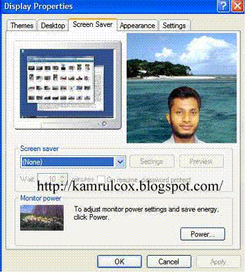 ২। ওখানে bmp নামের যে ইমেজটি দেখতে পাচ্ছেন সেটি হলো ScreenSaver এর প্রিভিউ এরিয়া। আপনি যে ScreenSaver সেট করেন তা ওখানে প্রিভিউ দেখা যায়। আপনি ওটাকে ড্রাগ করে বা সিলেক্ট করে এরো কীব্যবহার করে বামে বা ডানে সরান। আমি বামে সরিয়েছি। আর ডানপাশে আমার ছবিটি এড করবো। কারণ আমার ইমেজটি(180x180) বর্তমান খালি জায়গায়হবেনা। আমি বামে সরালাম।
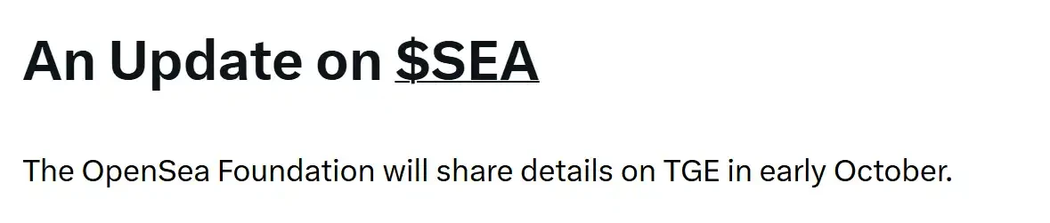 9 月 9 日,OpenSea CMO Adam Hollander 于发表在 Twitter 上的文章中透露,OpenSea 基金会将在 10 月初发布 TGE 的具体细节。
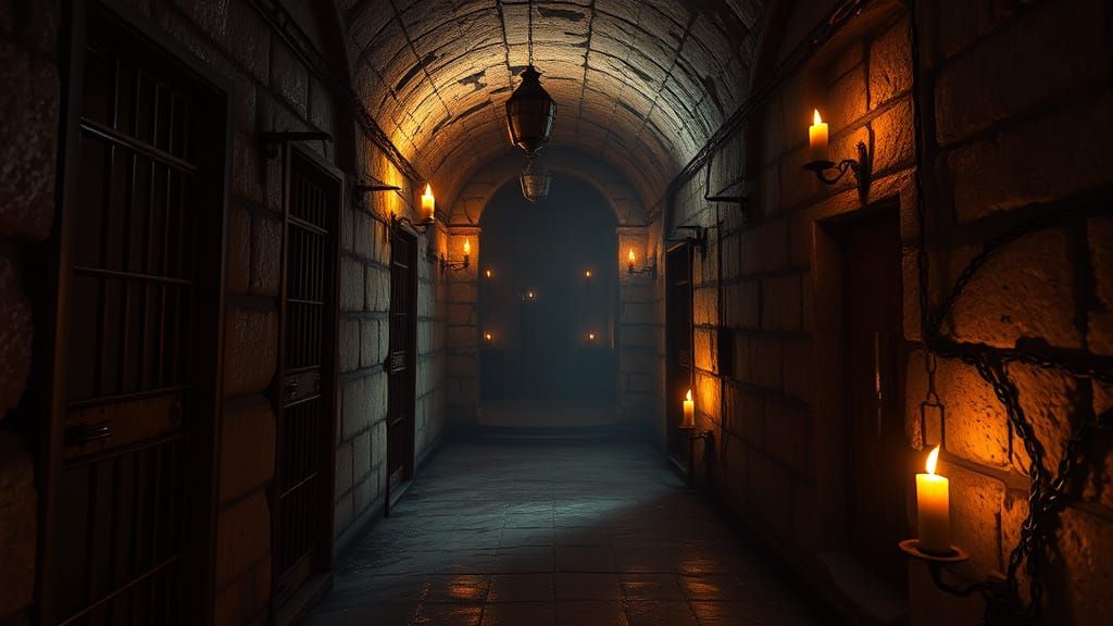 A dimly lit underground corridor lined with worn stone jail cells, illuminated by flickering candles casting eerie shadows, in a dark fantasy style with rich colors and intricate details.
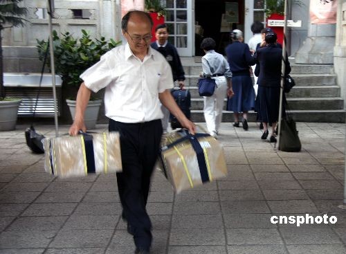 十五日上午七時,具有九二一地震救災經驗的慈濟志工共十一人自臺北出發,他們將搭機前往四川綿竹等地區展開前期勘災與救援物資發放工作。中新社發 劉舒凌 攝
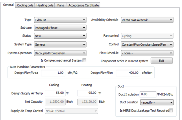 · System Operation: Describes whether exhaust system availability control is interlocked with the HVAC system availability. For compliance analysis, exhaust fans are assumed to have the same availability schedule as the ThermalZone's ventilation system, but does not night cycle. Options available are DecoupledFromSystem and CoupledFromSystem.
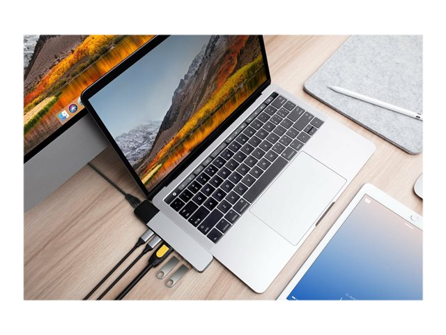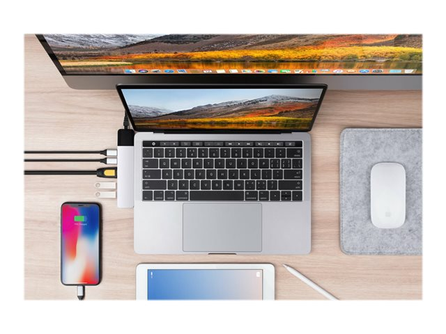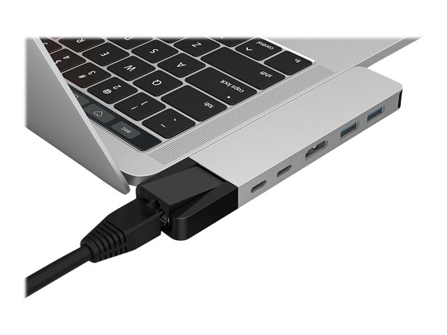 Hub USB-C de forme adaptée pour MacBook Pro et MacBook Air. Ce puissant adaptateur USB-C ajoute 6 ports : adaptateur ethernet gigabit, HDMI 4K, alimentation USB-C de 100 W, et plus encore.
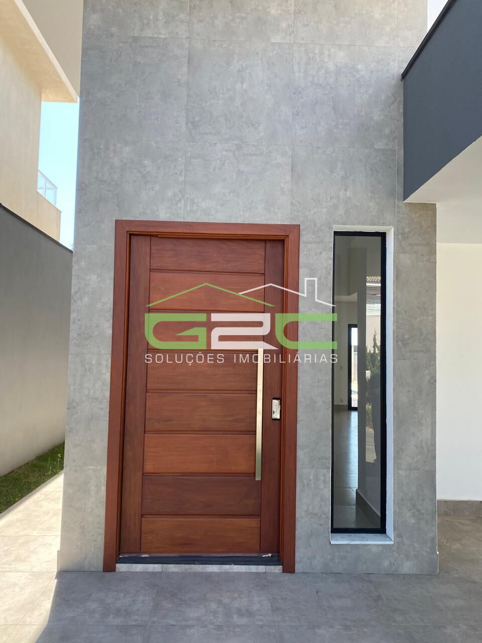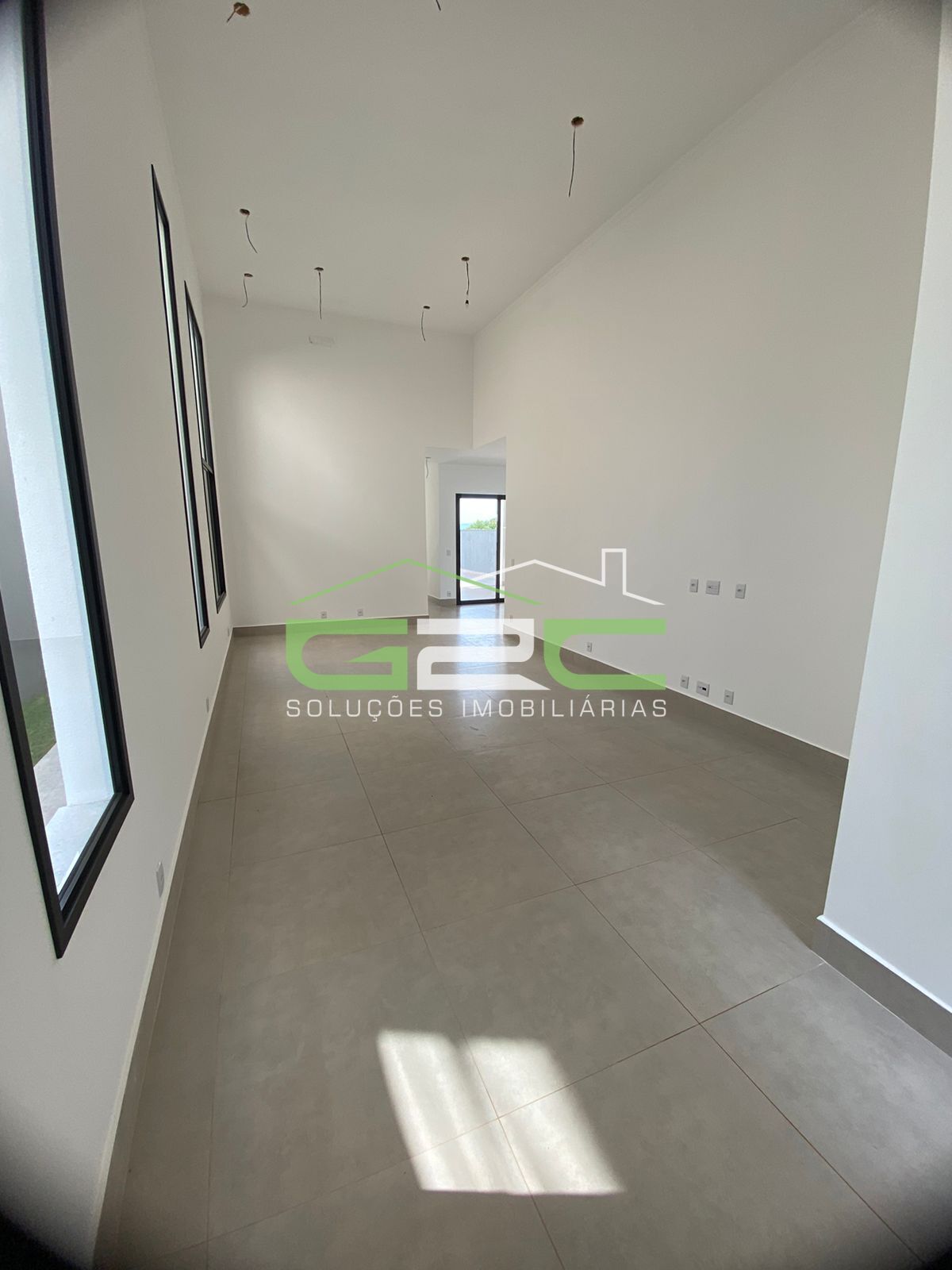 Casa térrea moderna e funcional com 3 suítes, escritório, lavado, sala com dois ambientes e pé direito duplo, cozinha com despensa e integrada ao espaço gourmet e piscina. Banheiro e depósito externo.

##########

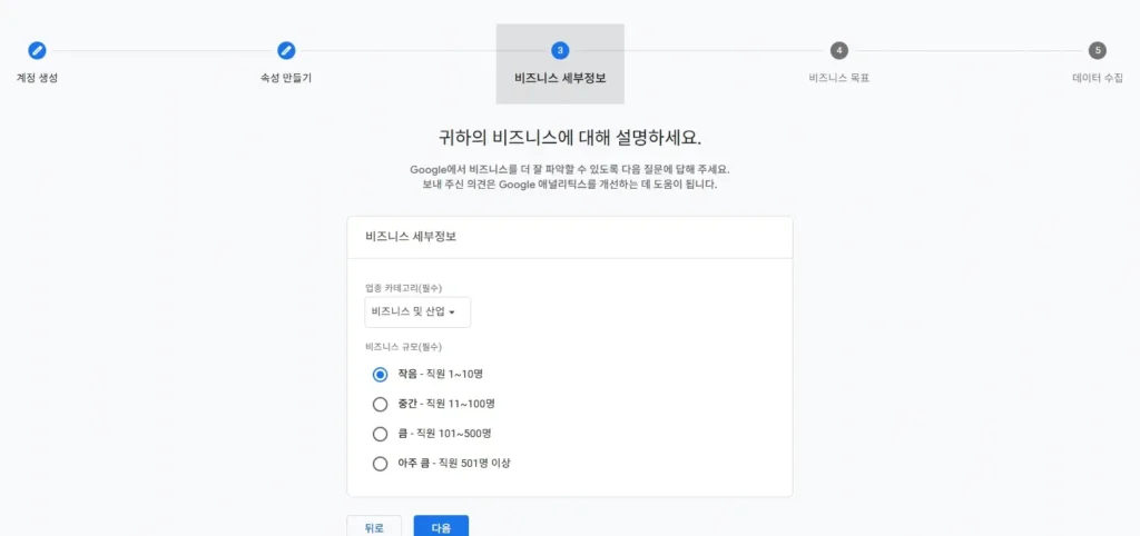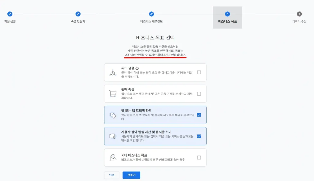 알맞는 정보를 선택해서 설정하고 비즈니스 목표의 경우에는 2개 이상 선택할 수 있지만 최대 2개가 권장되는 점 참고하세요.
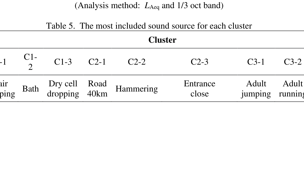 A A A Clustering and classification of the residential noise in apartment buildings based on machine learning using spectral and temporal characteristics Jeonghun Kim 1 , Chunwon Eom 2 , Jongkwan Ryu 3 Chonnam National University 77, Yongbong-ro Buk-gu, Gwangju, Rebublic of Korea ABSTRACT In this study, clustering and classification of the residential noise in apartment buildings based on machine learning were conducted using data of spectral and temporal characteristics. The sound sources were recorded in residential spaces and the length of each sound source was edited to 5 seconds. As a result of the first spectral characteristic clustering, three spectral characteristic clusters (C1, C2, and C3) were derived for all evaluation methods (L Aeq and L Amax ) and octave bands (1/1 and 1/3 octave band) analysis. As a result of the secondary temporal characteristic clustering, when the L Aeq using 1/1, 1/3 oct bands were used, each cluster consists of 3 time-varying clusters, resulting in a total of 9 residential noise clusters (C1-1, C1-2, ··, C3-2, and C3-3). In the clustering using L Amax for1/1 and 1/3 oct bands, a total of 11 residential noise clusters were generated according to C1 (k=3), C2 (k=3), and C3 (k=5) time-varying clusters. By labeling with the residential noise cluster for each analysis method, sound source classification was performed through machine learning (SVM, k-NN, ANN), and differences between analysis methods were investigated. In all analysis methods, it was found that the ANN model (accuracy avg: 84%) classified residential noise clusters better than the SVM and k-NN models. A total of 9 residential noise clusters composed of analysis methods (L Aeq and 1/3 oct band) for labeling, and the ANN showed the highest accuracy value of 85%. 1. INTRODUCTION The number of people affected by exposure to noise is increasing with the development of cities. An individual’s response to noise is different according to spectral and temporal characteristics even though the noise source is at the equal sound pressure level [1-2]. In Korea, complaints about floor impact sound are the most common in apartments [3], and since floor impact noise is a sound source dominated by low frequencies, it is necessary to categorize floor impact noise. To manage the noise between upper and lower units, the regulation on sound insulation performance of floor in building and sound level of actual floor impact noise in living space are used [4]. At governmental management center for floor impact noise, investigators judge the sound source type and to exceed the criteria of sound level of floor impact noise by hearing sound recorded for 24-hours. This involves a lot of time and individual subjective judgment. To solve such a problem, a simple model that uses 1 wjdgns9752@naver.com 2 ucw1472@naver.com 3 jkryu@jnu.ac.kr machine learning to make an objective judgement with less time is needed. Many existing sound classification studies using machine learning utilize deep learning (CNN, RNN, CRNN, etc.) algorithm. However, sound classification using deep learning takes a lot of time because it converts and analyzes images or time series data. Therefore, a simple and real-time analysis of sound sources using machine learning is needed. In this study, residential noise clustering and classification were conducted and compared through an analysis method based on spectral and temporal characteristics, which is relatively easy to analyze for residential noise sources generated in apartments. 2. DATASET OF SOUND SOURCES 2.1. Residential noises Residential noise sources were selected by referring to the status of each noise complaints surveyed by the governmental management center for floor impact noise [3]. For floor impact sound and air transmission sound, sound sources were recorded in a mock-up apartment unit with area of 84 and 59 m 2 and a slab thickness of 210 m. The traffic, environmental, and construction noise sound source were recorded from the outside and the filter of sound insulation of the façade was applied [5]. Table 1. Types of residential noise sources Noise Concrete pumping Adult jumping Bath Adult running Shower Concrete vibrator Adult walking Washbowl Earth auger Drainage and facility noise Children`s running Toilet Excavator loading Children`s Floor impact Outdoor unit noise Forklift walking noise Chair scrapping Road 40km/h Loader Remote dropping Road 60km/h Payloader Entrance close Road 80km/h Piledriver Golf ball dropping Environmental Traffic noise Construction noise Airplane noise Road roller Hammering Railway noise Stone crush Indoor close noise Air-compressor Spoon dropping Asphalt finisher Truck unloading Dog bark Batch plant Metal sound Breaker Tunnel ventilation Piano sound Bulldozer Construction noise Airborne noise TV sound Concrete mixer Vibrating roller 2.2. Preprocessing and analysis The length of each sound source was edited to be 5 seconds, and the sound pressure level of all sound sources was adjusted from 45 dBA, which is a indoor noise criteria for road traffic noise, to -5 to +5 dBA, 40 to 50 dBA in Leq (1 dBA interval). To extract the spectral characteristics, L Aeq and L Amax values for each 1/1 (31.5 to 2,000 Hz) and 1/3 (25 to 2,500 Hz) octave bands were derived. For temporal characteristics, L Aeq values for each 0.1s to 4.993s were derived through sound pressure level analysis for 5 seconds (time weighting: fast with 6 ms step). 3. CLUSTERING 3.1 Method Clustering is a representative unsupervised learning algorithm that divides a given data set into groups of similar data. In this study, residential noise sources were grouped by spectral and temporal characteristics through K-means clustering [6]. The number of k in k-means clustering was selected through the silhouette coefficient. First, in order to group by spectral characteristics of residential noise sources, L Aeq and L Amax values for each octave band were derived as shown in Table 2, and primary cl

##########

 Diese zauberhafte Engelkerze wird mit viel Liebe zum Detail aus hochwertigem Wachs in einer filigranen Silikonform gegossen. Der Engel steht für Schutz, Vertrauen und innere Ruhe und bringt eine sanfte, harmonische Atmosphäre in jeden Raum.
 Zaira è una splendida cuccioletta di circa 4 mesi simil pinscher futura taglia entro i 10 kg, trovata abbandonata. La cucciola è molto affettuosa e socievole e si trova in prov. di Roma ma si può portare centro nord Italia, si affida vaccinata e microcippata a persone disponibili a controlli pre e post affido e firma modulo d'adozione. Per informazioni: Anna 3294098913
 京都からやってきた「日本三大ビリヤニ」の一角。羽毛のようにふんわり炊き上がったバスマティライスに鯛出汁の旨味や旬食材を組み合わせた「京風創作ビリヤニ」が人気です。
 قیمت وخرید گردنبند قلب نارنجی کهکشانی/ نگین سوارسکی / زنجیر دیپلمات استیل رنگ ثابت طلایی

##########

→ What is required
Excerpt from the records above: set down only the lines from the one that contains "A dimly lit" through the one that contains "Casa térrea moderna", inclusive, word for word. Pictures stay out.

→ Output
 A dimly lit underground corridor lined with worn stone jail cells, illuminated by flickering candles casting eerie shadows, in a dark fantasy style with rich colors and intricate details.
 十五日上午七時,具有九二一地震救災經驗的慈濟志工共十一人自臺北出發,他們將搭機前往四川綿竹等地區展開前期勘災與救援物資發放工作。中新社發 劉舒凌 攝
 · System Operation: Describes whether exhaust system availability control is interlocked with the HVAC system availability. For compliance analysis, exhaust fans are assumed to have the same availability schedule as the ThermalZone's ventilation system, but does not night cycle. Options available are DecoupledFromSystem and CoupledFromSystem.
 Hub USB-C de forme adaptée pour MacBook Pro et MacBook Air. Ce puissant adaptateur USB-C ajoute 6 ports : adaptateur ethernet gigabit, HDMI 4K, alimentation USB-C de 100 W, et plus encore.
 Casa térrea moderna e funcional com 3 suítes, escritório, lavado, sala com dois ambientes e pé direito duplo, cozinha com despensa e integrada ao espaço gourmet e piscina. Banheiro e depósito externo.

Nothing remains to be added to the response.